9.9.18

PARAMATMAN Y SUS VISITADORES

Ignacio de Ries, El Árbol de la Vida
De igual manera que la retina nos permite ver los incontables pulsos de energía como una sola luz, la experiencia mística nos muestra innumerables individuos como un solo Yo.
Alan WATTS
Los psicodélicos y la experiencia religiosa

Afirmar que cada uno de los seres animados ha de transmigrar a lo largo de los eones por los múltiples estados, condiciones y especies de vida que alberga el universo quizá sea contemplar con lentes invertidas el drama cósmico, en el que un solo actor encarna, irriga, ocupa y recorre todos los papeles existentes en cada instante y lugar de la Creación. La experiencia visionaria no es sino aquella que revela al sujeto individual un atisbo lo bastante intenso de esa magnitud panteística como para desbordar la identidad personal, propiciar en ella transformaciones significativas y estimular la delineación de los principios básicos de la conciencia con implicaciones que van más allá del conocimiento posible. Simultaneidad plagada de finidades y ubicuidad facetada en organismos, brilla Dios como el sí mismo integrador de las parciales mismidades donde se oculta.

La ruta para trepar a lo más alto del árbol del despertar será distinta según la tradición que haga de su inveterada presencia un eje de ascenso, pero la visión de conjunto que se alcanza desde su copa es ácrona, luego idéntica desde los orígenes, de ahí que al explorador de los reinos sutiles de la existencia la tentativa de abordar los secretos que contiene la naturaleza sea poco digna de atención si desestima los estados expandidos de la psique.
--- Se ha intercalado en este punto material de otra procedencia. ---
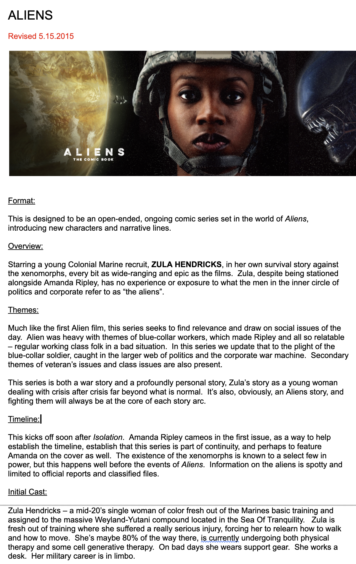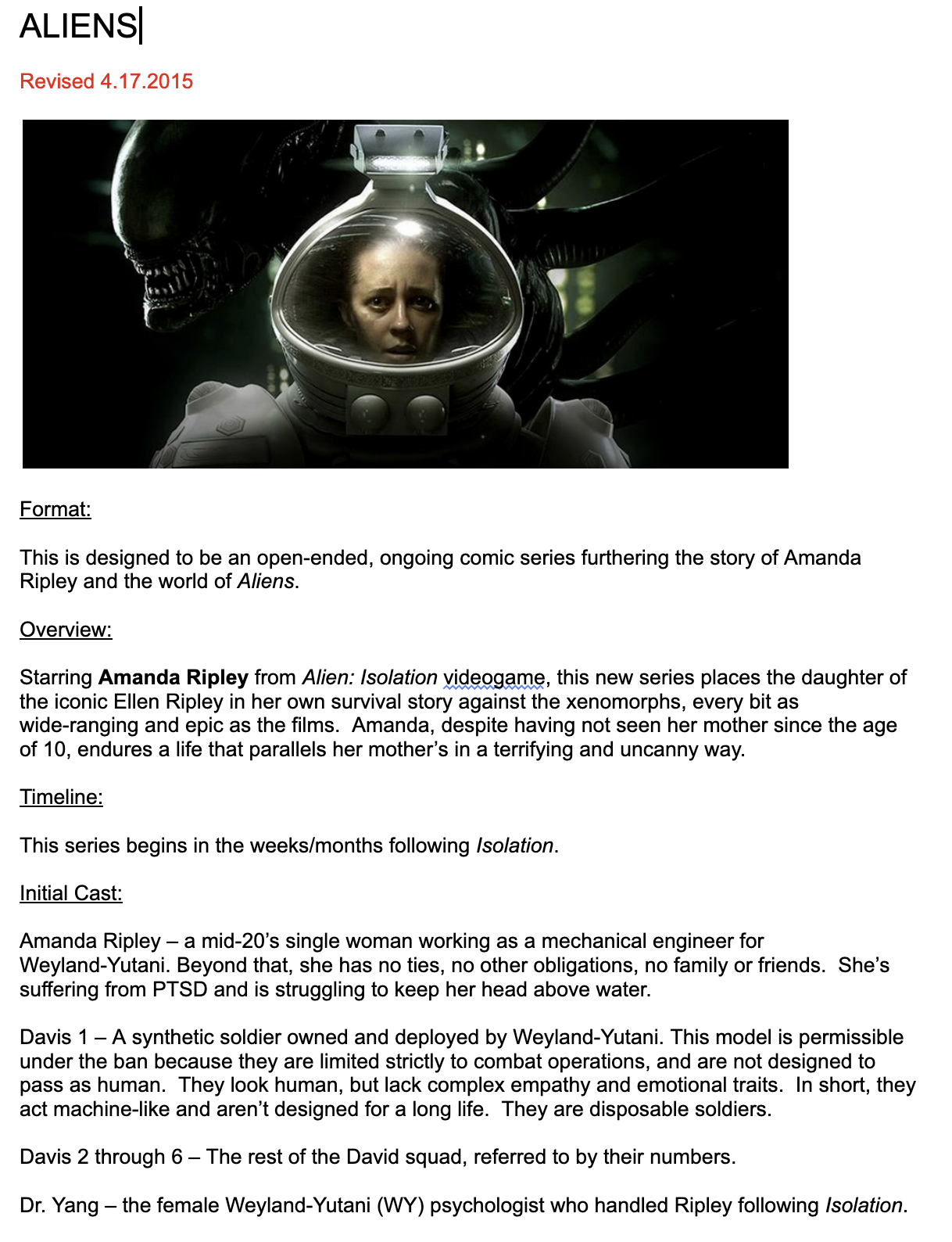I was approached in March of 2015 to write an ongoing Aliens comic book series. At first the mandate was to write an Ellen Ripley story. Then that was changed to an Amanda Ripley story. The entity making these preliminary decisions was Fox Interactive.

Siempre que en nombre de algún precepto científico, moral, profiláctico o legal se impide el acceso a cualquier dimensión apta para proporcionar una vía de gnosis, se le plantea a la conciencia liberada de programaciones etnocéntricas la emergencia de proteger, rehabilitar y ampliar ese acervo proscrito. Ninguna prohibición basada en los riesgos, reales o ficticios, que ese manantial de sentido pueda tener para el individuo que lo frecuenta valida la represión de una gama de usos que comprenden, y no agotan, la búsqueda de sabiduría, la autodiagnosis, el periplo interior, la activación de potencias anímicas desnutridas, la comunión con el entorno, el éxtasis, la prospección adivinatoria de los puentes de sincronicidad entre mente y materia, el despliegue de la creatividad, la sanación de traumas, el entrenamiento de alguna facultad relegada a la atrofia por la rutina o, simplemente, dar gozoso esparcimiento al sistema nervioso, cuando no tomarse un comprensible descanso del angosto yo. Facilitando un símil aceptable, el peligro de que el erotismo mal empleado incurra en descendencia no justifica su persecución, que de llevarse a efecto entrañaría el combate de un acto inhóspito con otro. Sea cual fuere el interés particular que susciten esos u otros usos de la propia sustancia, su incriminación por parte de alguna sedicente autoridad pública se asemeja demasiado al celo censor que —no tan antaño— incendiaba bibliotecas, elaboraba índices de autores heréticos o condenaba una serie de prácticas sexuales por considerarlas desviaciones improductivas del imperativo natalista. Así pues, otorgarle un cobarde y hasta complaciente beneficio de la norma a los comisarios del pensamiento que medran al calor del miedo en los más diversos ámbitos de la sociedad es hacerle un depravado favor a la inteligencia.

Desde el punto de vista crematístico estos acercamientos al núcleo de la realidad son, por supuesto, un pésimo asunto para los negocios, aunque nunca se echen en falta fiscalizadores de los aliados moleculares disponibles para el arte de modular la percepción y a patadas haya charlatanes, con apariencia de guías espirituales, prestos a enriquecerse no con la palacra de la espiritualidad, de la que imitan el aspecto más externo de su floración en el medio humano como una rosa de plástico remeda a la genuina, sino con el espíritu insaciable, y por lo tanto roñoso, del peculio.